Currently two handlers are implemented for embeddings generation:

  • ollama
    • requests embeddings from /api/embed
  • openai
    • requests embeddings from /v1/embeddings

baseURL

Specified by scheme://host:port. E.g.: "baseUrl": "http://localhost:11434"

Any specified absolute path will be disregarded. (e.g. "http://x.x.x.x/any/subroute" -> "http://x.x.x.x/api/embed")

ApiKey

  • ollama currently does not support API keys. Specifying a key does not have any effect.
  • openai implements the use of ApiKey. E.g. "ApiKey": "Some API key here"

API

Accessing the api

Once started, the server's API can be viewed and manipulated via swagger.

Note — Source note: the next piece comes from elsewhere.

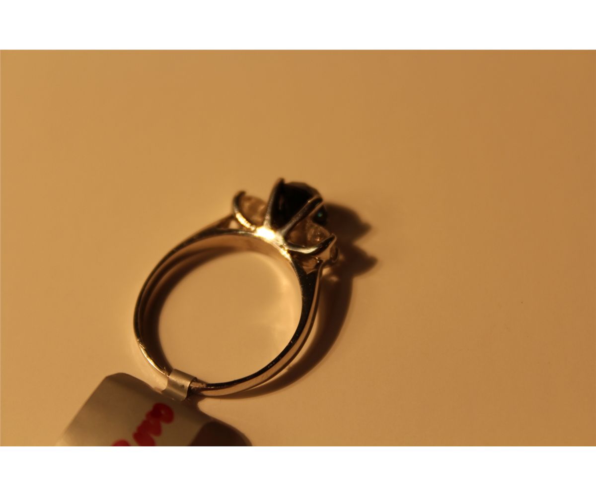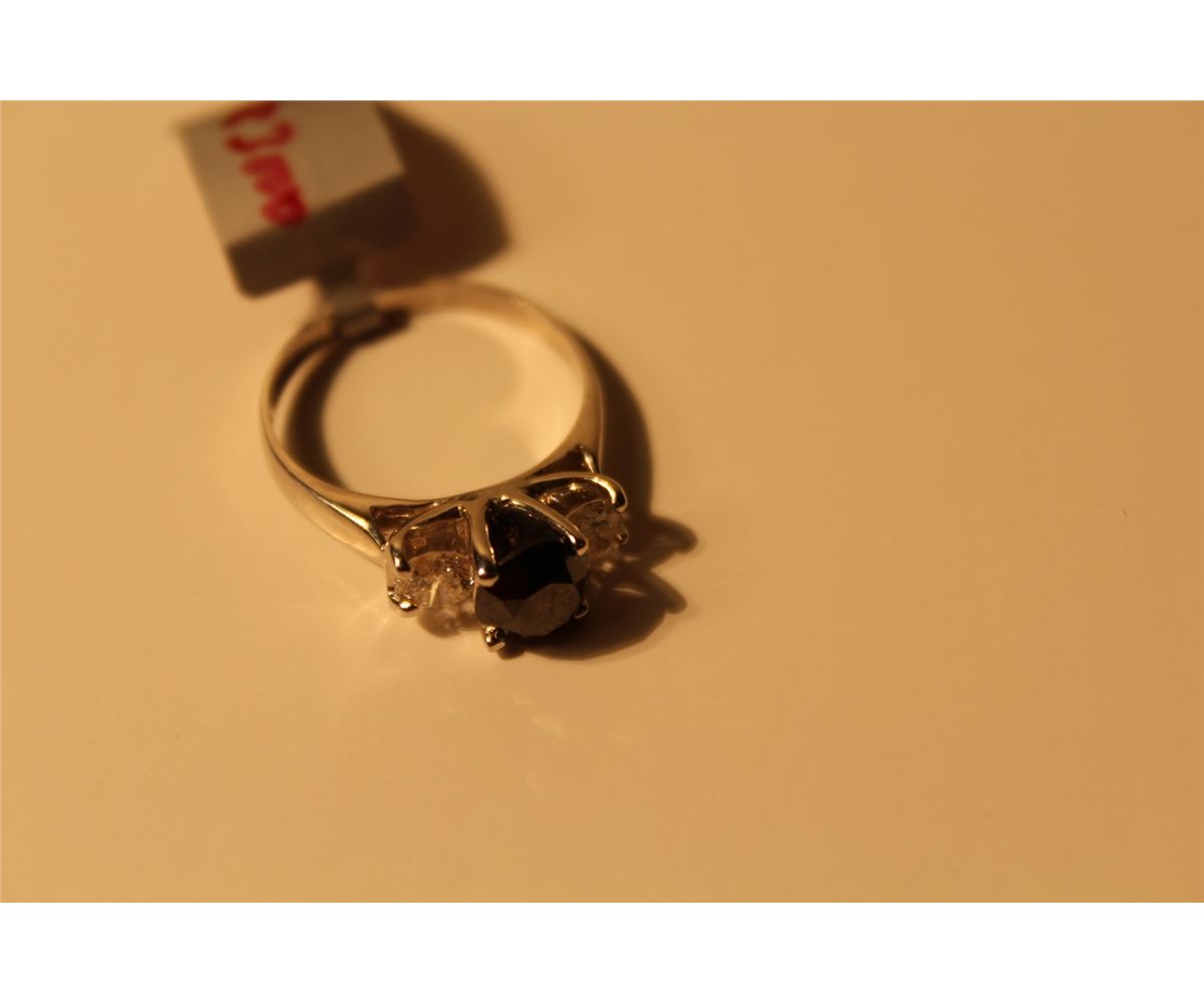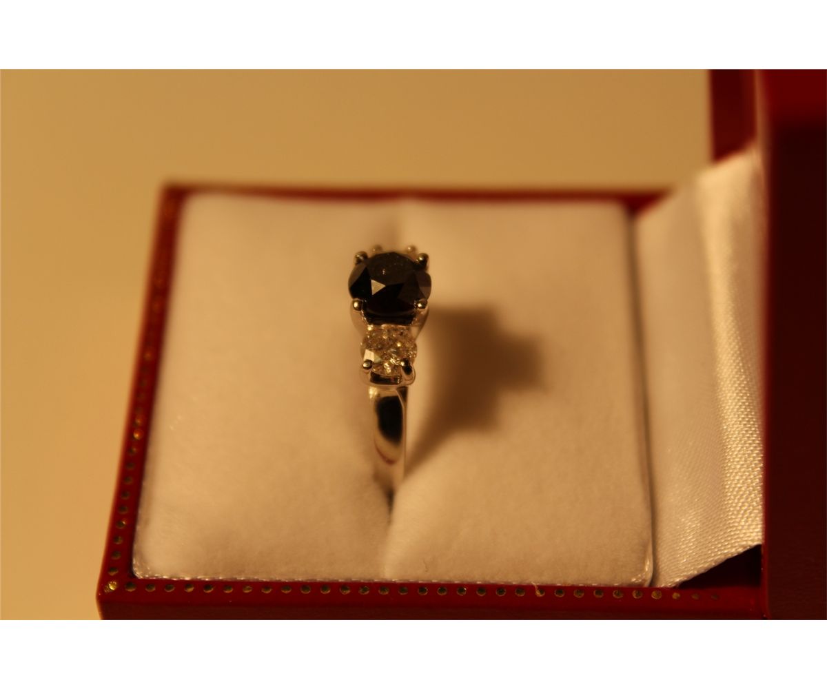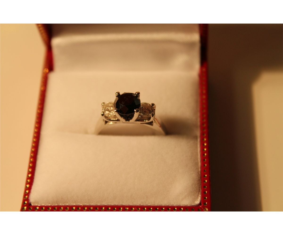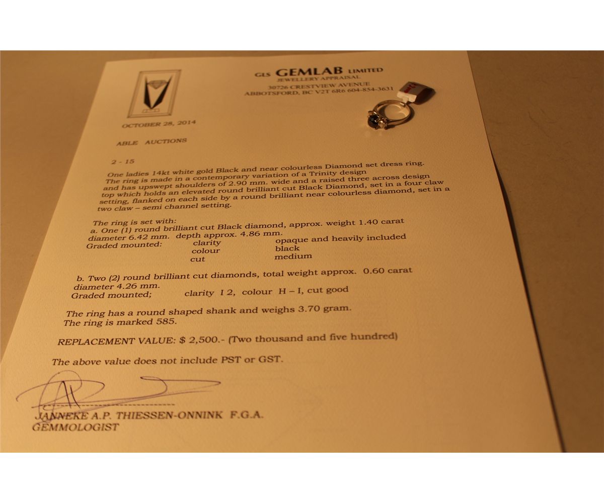 LADIES 14KT WHITE GOLD BLACK AND NEAR COLOURLESS DIAMOND SET DRESS RING SET WITH 1 ROUND BRILLIANT CUT BLACK DIAMOND APPROX. 1.40 CARATS AND 2 ROUND BRILLIANT CUT DIAMONDS APPROX. 0.60 CARATS. REPLACEMENT VALUE: $2500.00
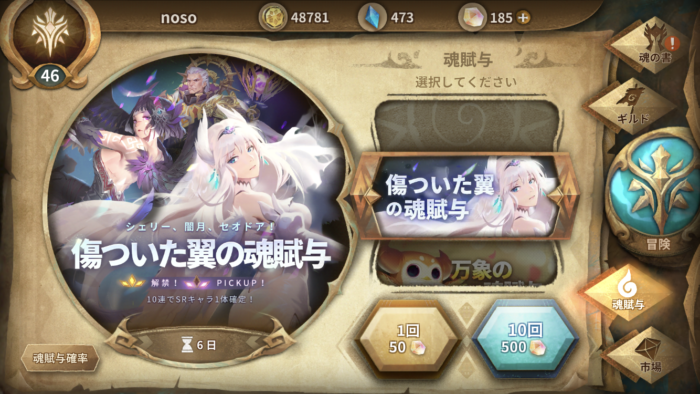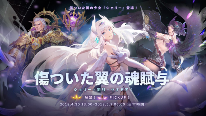 『傷ついた翼の魂賦与』は観察者レベルが25になると引けるようになる期間限定の魂賦与で、新キャラクターのシェリーをはじめ、闇月、セオドアがSSRで出現するピックアップガチャです。

By default it is accessible under: http://localhost:5146/swagger/index.html

To make an API request from within swagger:

  1. Open one of the actions ("GET" / "POST")
  2. Click the "Try it out" button. The input fields (if there are any for your action) should now be editable.
  3. Fill in the necessary information
  4. Click "Execute"

Authorization

Being logged in has priority over API Key requirement (if api keys are set).

So being logged in automatically authorizes endpoint usage.